🤖 AI Summary
This work addresses the limitations of current large language models (LLMs) in generating mechanistic models under partially observable conditions and diverse task objectives, where outputs often suffer from unreliability, coding errors, and lack of validity. To overcome these challenges, we propose the Neural Integrated Mechanistic Modeling (NIMM) evaluation framework and develop the NIMMGen agent system, which leverages an iterative refinement mechanism between neural networks and mechanistic models to substantially enhance code correctness, empirical validity, and interpretability.

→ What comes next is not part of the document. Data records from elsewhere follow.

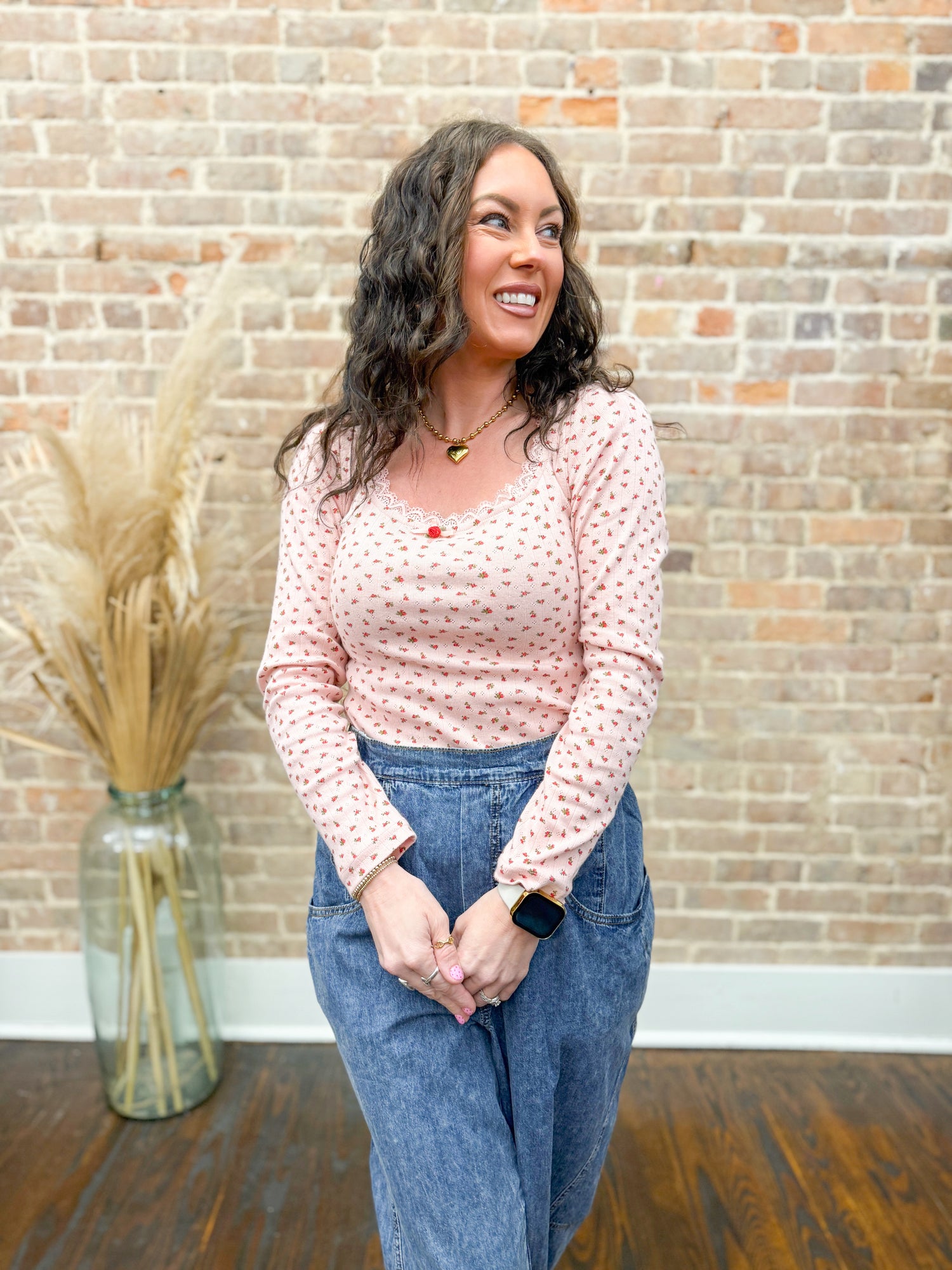 The Everlee Printed Top is your new go-to layering essential! This fitted beauty features delicate lace trim along the edges and an adorable tiny bow detail at the front—because the little touches make all the difference. Perfect for wearing solo or layering under your favorite pieces, it's designed to flatter and bring a playful vibe to any outfit. Whether you're dressing up or keeping it casual, this top adds just the right amount of charm and personality to your wardrobe.
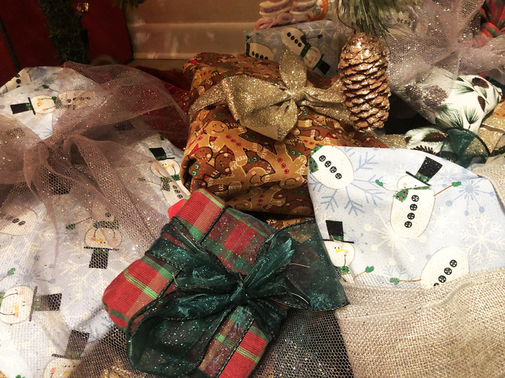 12. This family wraps their holiday gifts each year with reusable cloth and ribbon. No more wasted paper or tape!
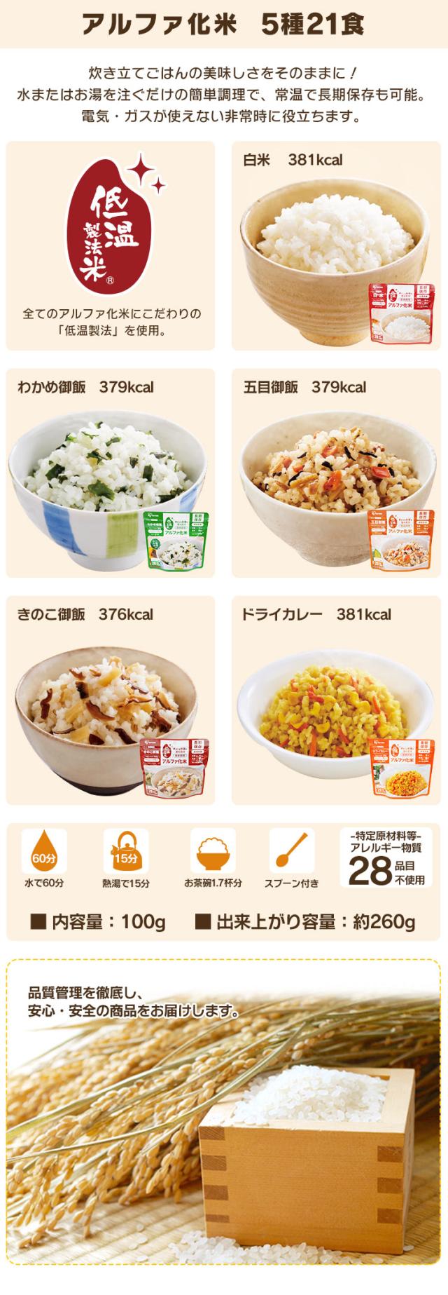 - 各地で地震が起きてるので防災用に購入しました。ご飯だけではなく、おかずも揃っているので安心出来そうです。
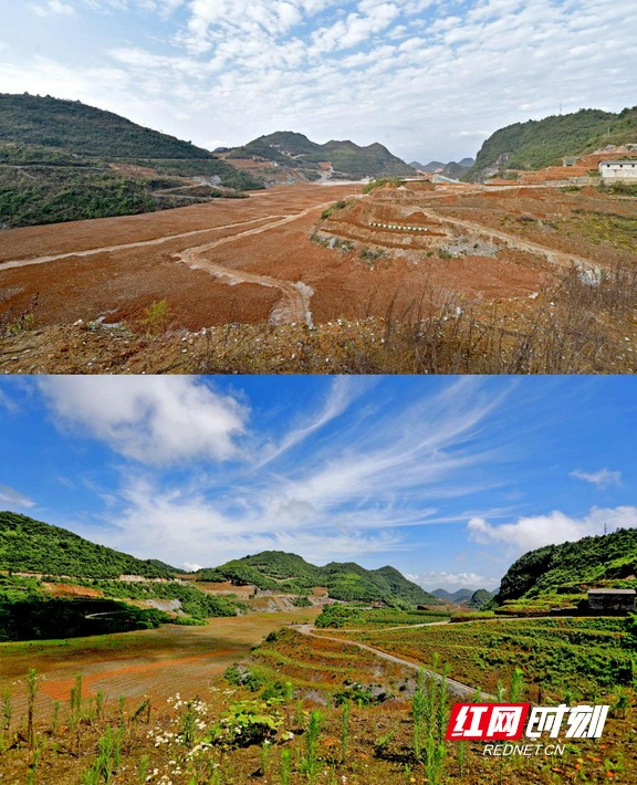 花垣县龙潭镇糯米冲矿区生态修复前后对比。
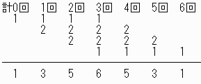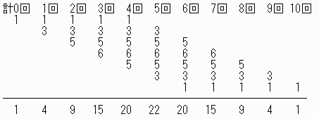 文句の回数 0回 3人の場合の 0回 =1回 1回 3人の場合の 0〜1回の合計 =3回 2回 3人の場合の 0〜2回の合計 =5回 3回 3人の場合の 0〜3回の合計 =6回 4回 3人の場合の 1〜4回の合計 =5回 5回 3人の場合の 2〜5回の合計 =3回 6回 3人の場合の 3〜6回の合計 =1回 N(≧7)回 3人の場合の N−3〜N回の合計=0回これを順次繰り返して
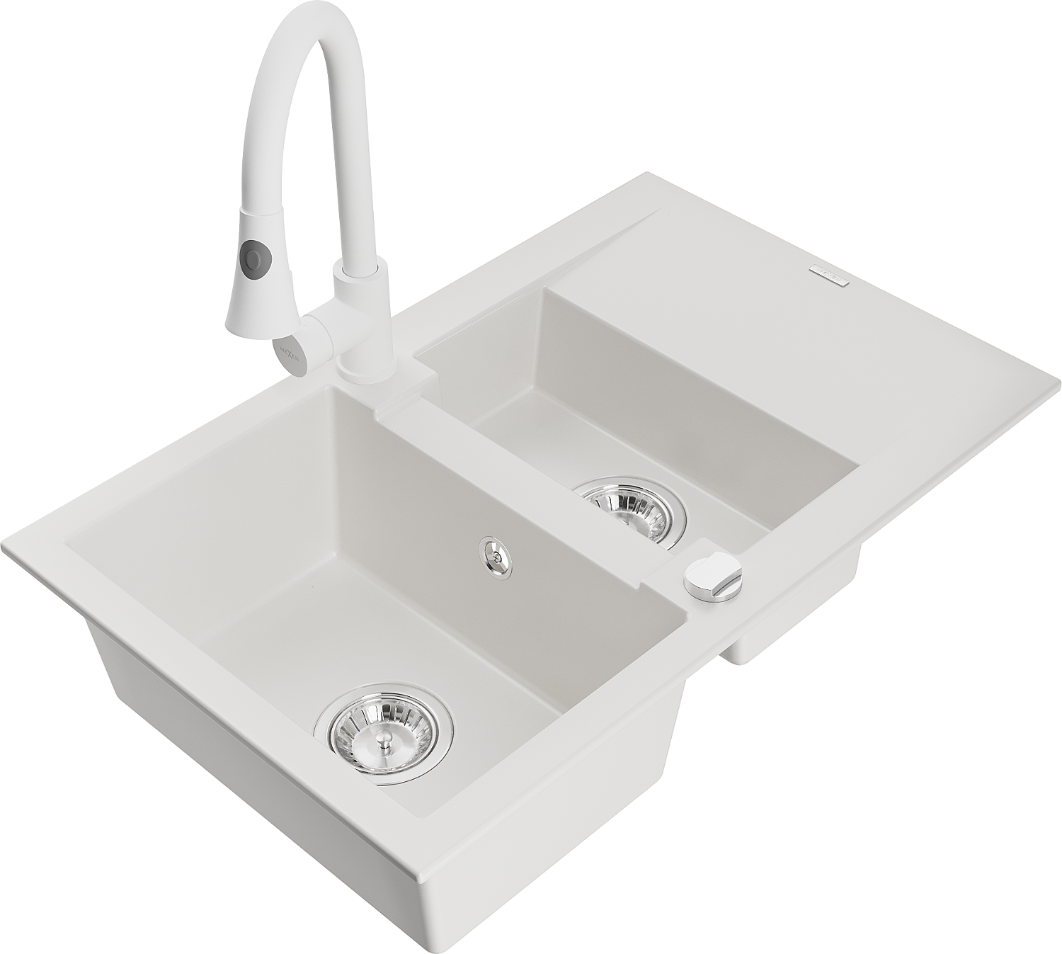 Mexen Gaspar évier en granit 1,5 bac avec égouttoir et robinet de cuisine Elia, blanc - 6507-20-670101-20
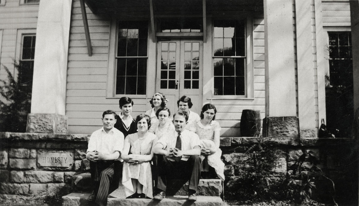 - Students in front of Office. Harold Reynolds, far right [?] (cobb_alice_002x.jpg]
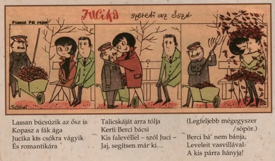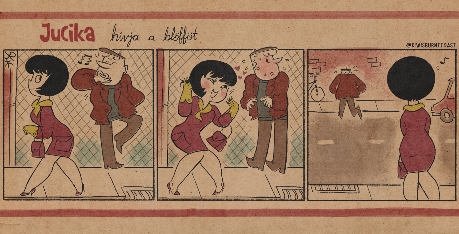 >>153389513I read somewhere years ago that her rights are owned by the state. There's been two official but incomplete books. One's called Fondorlatos Jucika, a collection of short poems written for 50 strips. Some of the poems name the incidental side characters and give dialogue to Jucika. This book was made in 1970 but it got cancelled after the artist's death and only came out in 2009. It was released by the Püski publisher but the copyright info in the book only credits the artist and the poet.The more recent strip collection from 2022 is published by kilencedik.hu but it only contains the early black and white strips from 1957 and '58. It was re-released this year bilingually but there's been no news of a second part.The 57-58 and 59-70 strips were published by two different magazines, Érdekes Újság and Ludas Matyi, both of which ended decades ago. I don't know if this means the two Jucika eras have different owners or if all the Jucika strips are under the same ownership. I don't think the publisher explained why they haven't reprinted the later strips, though maybe I didn't look hard enough.I also read that some of the Ludas magazine's former workers tried to reprint all the strips a few years before the 2022 booklet but they didn't have any good quality copies of the magazine. They reached out to a magazine collector who collected most of the Jucika strips but he refused to help them out.

Our approach provides the first systematic assessment of LLM-generated mechanistic models under realistic conditions, enabling reliable digital twin construction and counterfactual intervention simulation. Experiments across three scientific datasets demonstrate that models generated by NIMMGen exhibit strong counterfactual reasoning capabilities in complex scenarios.
📝 Abstract
Mechanistic models encode scientific knowledge about dynamical systems and are widely used in downstream scientific and policy applications. Recent work has explored LLM-based agentic frameworks to automatically construct mechanistic models from data; however, existing problem settings substantially oversimplify real-world conditions, leaving it unclear whether LLM-generated mechanistic models are reliable in practice. To address this gap, we introduce the Neural-Integrated Mechanistic Modeling (NIMM) evaluation framework, which evaluates LLM-generated mechanistic models under realistic settings with partial observations and diversified task objectives. Our evaluation reveals fundamental challenges in current baselines, ranging from model effectiveness to code-level correctness. Motivated by these findings, we design NIMMgen, an agentic framework for neural-integrated mechanistic modeling that enhances code correctness and practical validity through iterative refinement. Experiments across three datasets from diversified scientific domains demonstrate its strong performance. We also show that the learned mechanistic models support counterfactual intervention simulation.